# ASSIGNMENT:
Reproduce exactly only the lines from the line that holds "Hier finden Sie" to the line that holds "Byt dispozičně obsahuje", inclusive, in the listing below, and please leave out every picture.

# MATERIAL SHOWN:
━━━━━━━━━━━━━━━━

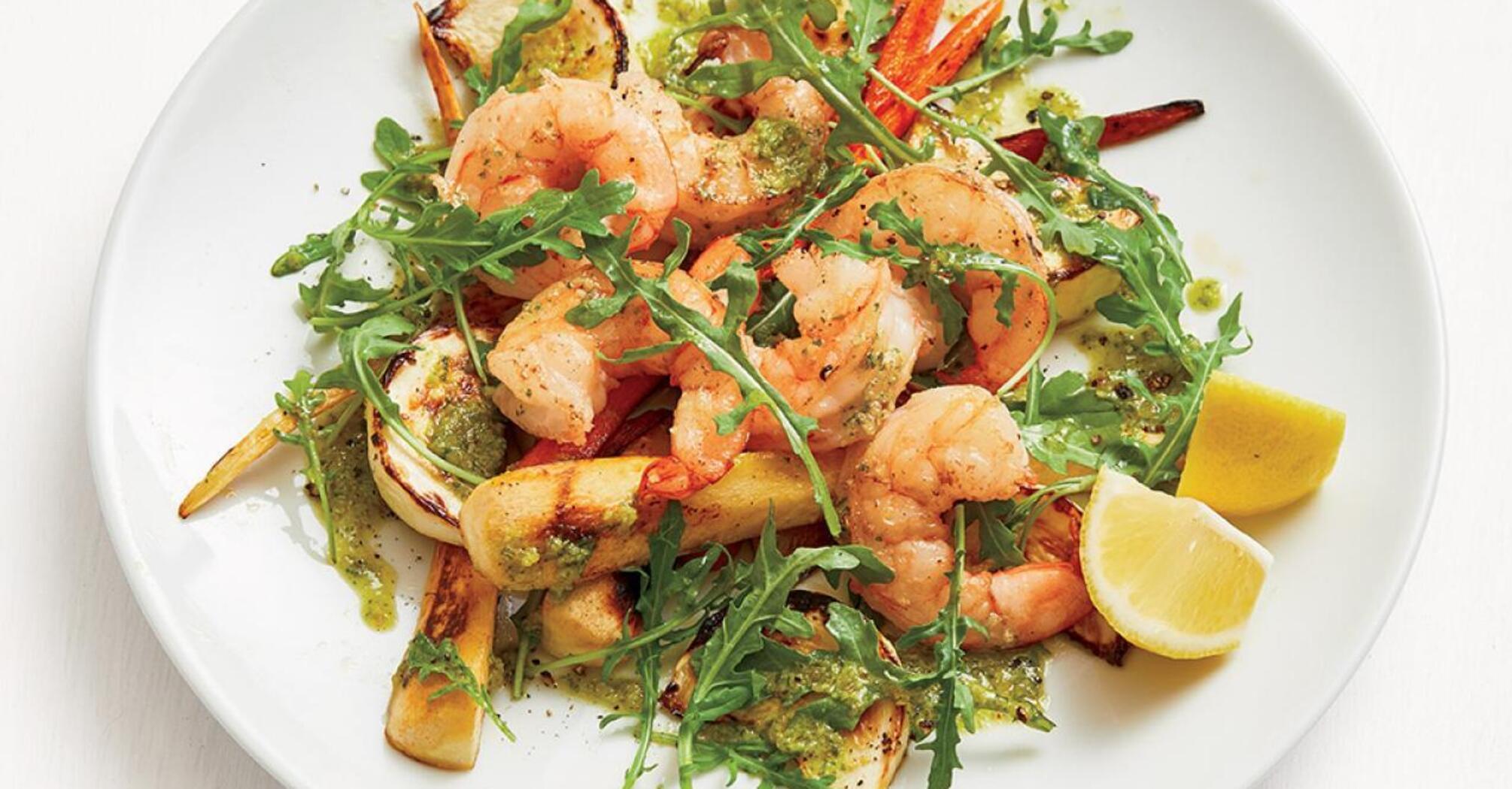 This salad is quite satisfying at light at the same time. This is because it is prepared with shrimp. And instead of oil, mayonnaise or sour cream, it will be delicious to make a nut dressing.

━━━━━━━━━━━━━━━━

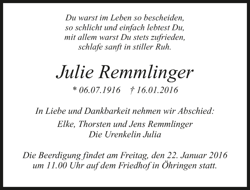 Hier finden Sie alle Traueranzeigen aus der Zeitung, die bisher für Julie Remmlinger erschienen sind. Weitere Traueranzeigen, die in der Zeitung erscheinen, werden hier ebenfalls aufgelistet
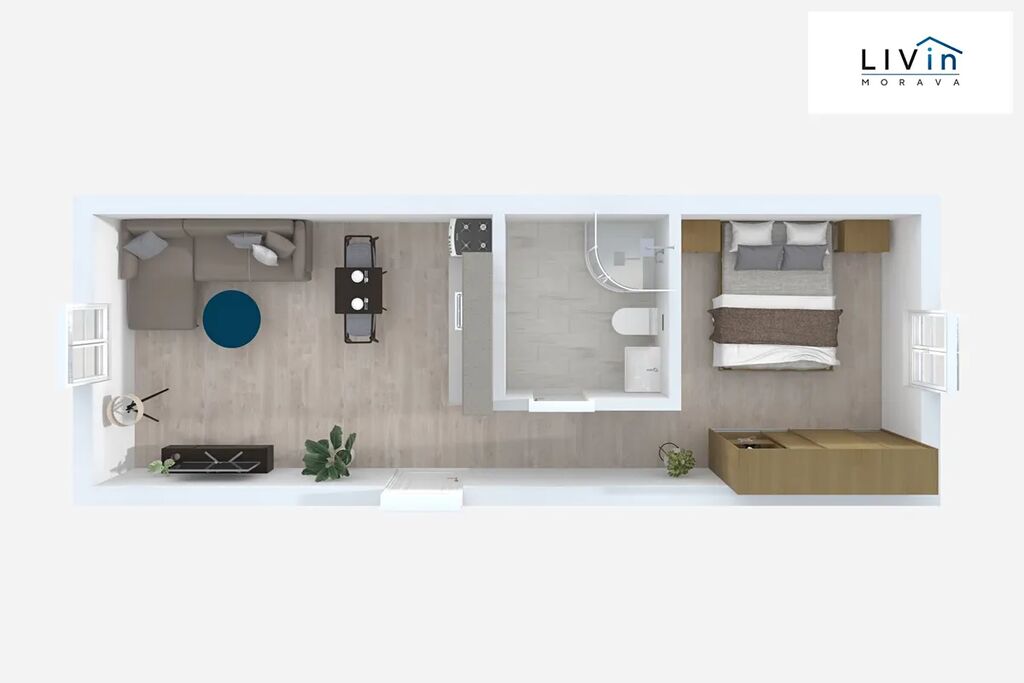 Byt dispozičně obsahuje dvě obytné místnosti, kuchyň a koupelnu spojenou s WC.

━━━━━━━━━━━━━━━━

# TASK OUTPUT:
 Hier finden Sie alle Traueranzeigen aus der Zeitung, die bisher für Julie Remmlinger erschienen sind. Weitere Traueranzeigen, die in der Zeitung erscheinen, werden hier ebenfalls aufgelistet
 Byt dispozičně obsahuje dvě obytné místnosti, kuchyň a koupelnu spojenou s WC.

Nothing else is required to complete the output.